Top of Dataset excerpts
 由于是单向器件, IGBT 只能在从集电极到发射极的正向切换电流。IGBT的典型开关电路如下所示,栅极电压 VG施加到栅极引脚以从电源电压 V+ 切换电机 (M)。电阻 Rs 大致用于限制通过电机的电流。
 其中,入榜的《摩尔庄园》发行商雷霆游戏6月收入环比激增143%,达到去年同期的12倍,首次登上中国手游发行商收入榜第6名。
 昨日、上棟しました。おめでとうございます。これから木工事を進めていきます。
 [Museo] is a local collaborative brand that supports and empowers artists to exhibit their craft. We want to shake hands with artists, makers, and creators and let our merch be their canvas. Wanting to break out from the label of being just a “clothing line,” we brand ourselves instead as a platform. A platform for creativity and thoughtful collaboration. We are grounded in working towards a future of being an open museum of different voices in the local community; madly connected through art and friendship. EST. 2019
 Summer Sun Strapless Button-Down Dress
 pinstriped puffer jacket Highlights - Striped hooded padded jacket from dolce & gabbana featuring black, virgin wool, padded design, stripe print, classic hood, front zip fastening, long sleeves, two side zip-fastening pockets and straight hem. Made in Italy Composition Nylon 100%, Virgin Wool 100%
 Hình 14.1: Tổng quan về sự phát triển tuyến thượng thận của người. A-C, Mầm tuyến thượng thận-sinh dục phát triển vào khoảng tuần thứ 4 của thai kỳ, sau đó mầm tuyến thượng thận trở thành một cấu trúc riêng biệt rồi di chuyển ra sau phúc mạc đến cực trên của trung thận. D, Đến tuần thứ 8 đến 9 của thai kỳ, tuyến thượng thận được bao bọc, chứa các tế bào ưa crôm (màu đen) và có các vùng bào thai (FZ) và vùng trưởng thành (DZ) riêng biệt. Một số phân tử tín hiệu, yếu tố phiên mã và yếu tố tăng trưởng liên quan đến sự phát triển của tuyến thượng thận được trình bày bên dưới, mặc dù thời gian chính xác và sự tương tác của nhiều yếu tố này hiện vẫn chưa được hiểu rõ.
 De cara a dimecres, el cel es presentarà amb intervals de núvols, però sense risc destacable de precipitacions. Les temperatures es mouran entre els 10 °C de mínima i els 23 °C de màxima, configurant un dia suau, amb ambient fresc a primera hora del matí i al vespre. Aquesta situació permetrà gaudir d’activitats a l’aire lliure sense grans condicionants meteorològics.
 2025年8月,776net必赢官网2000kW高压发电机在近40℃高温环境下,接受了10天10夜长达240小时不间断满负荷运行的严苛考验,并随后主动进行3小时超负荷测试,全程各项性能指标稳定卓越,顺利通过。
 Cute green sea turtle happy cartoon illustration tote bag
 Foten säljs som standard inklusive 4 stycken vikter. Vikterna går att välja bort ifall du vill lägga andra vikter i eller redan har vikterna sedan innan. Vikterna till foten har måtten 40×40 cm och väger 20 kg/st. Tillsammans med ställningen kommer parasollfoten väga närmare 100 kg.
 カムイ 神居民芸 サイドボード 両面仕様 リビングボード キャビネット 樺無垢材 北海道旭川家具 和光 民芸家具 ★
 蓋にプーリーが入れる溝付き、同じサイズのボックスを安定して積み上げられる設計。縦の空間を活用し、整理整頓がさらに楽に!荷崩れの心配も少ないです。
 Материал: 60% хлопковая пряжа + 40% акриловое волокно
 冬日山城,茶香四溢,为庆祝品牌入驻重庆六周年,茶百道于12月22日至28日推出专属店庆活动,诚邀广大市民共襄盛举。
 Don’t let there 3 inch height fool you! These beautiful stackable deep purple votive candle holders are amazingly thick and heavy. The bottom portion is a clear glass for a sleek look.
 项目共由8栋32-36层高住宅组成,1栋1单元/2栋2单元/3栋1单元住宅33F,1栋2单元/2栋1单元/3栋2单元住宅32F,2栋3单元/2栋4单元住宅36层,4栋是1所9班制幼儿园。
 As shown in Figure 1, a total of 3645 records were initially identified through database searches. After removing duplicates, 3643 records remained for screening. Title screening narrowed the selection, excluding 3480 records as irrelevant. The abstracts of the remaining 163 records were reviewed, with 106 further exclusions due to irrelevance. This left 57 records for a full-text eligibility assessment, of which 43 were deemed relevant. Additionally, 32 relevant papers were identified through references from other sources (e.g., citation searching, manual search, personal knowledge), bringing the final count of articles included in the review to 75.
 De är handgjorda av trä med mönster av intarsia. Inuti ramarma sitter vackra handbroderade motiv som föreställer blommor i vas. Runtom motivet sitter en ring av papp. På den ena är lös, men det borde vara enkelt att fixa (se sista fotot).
Bottom of Dataset excerpts
### Task to carry out
Copy each line of the material exactly as shown.

### Response to the task
 由于是单向器件, IGBT 只能在从集电极到发射极的正向切换电流。IGBT的典型开关电路如下所示,栅极电压 VG施加到栅极引脚以从电源电压 V+ 切换电机 (M)。电阻 Rs 大致用于限制通过电机的电流。
 其中,入榜的《摩尔庄园》发行商雷霆游戏6月收入环比激增143%,达到去年同期的12倍,首次登上中国手游发行商收入榜第6名。
 昨日、上棟しました。おめでとうございます。これから木工事を進めていきます。
 [Museo] is a local collaborative brand that supports and empowers artists to exhibit their craft. We want to shake hands with artists, makers, and creators and let our merch be their canvas. Wanting to break out from the label of being just a “clothing line,” we brand ourselves instead as a platform. A platform for creativity and thoughtful collaboration. We are grounded in working towards a future of being an open museum of different voices in the local community; madly connected through art and friendship. EST. 2019
 Summer Sun Strapless Button-Down Dress
 pinstriped puffer jacket Highlights - Striped hooded padded jacket from dolce & gabbana featuring black, virgin wool, padded design, stripe print, classic hood, front zip fastening, long sleeves, two side zip-fastening pockets and straight hem. Made in Italy Composition Nylon 100%, Virgin Wool 100%
 Hình 14.1: Tổng quan về sự phát triển tuyến thượng thận của người. A-C, Mầm tuyến thượng thận-sinh dục phát triển vào khoảng tuần thứ 4 của thai kỳ, sau đó mầm tuyến thượng thận trở thành một cấu trúc riêng biệt rồi di chuyển ra sau phúc mạc đến cực trên của trung thận. D, Đến tuần thứ 8 đến 9 của thai kỳ, tuyến thượng thận được bao bọc, chứa các tế bào ưa crôm (màu đen) và có các vùng bào thai (FZ) và vùng trưởng thành (DZ) riêng biệt. Một số phân tử tín hiệu, yếu tố phiên mã và yếu tố tăng trưởng liên quan đến sự phát triển của tuyến thượng thận được trình bày bên dưới, mặc dù thời gian chính xác và sự tương tác của nhiều yếu tố này hiện vẫn chưa được hiểu rõ.
 De cara a dimecres, el cel es presentarà amb intervals de núvols, però sense risc destacable de precipitacions. Les temperatures es mouran entre els 10 °C de mínima i els 23 °C de màxima, configurant un dia suau, amb ambient fresc a primera hora del matí i al vespre. Aquesta situació permetrà gaudir d’activitats a l’aire lliure sense grans condicionants meteorològics.
 2025年8月,776net必赢官网2000kW高压发电机在近40℃高温环境下,接受了10天10夜长达240小时不间断满负荷运行的严苛考验,并随后主动进行3小时超负荷测试,全程各项性能指标稳定卓越,顺利通过。
 Cute green sea turtle happy cartoon illustration tote bag
 Foten säljs som standard inklusive 4 stycken vikter. Vikterna går att välja bort ifall du vill lägga andra vikter i eller redan har vikterna sedan innan. Vikterna till foten har måtten 40×40 cm och väger 20 kg/st. Tillsammans med ställningen kommer parasollfoten väga närmare 100 kg.
 カムイ 神居民芸 サイドボード 両面仕様 リビングボード キャビネット 樺無垢材 北海道旭川家具 和光 民芸家具 ★
 蓋にプーリーが入れる溝付き、同じサイズのボックスを安定して積み上げられる設計。縦の空間を活用し、整理整頓がさらに楽に!荷崩れの心配も少ないです。
 Материал: 60% хлопковая пряжа + 40% акриловое волокно
 冬日山城,茶香四溢,为庆祝品牌入驻重庆六周年,茶百道于12月22日至28日推出专属店庆活动,诚邀广大市民共襄盛举。
 Don’t let there 3 inch height fool you! These beautiful stackable deep purple votive candle holders are amazingly thick and heavy. The bottom portion is a clear glass for a sleek look.
 项目共由8栋32-36层高住宅组成,1栋1单元/2栋2单元/3栋1单元住宅33F,1栋2单元/2栋1单元/3栋2单元住宅32F,2栋3单元/2栋4单元住宅36层,4栋是1所9班制幼儿园。
 As shown in Figure 1, a total of 3645 records were initially identified through database searches. After removing duplicates, 3643 records remained for screening. Title screening narrowed the selection, excluding 3480 records as irrelevant. The abstracts of the remaining 163 records were reviewed, with 106 further exclusions due to irrelevance. This left 57 records for a full-text eligibility assessment, of which 43 were deemed relevant. Additionally, 32 relevant papers were identified through references from other sources (e.g., citation searching, manual search, personal knowledge), bringing the final count of articles included in the review to 75.
 De är handgjorda av trä med mönster av intarsia. Inuti ramarma sitter vackra handbroderade motiv som föreställer blommor i vas. Runtom motivet sitter en ring av papp. På den ena är lös, men det borde vara enkelt att fixa (se sista fotot).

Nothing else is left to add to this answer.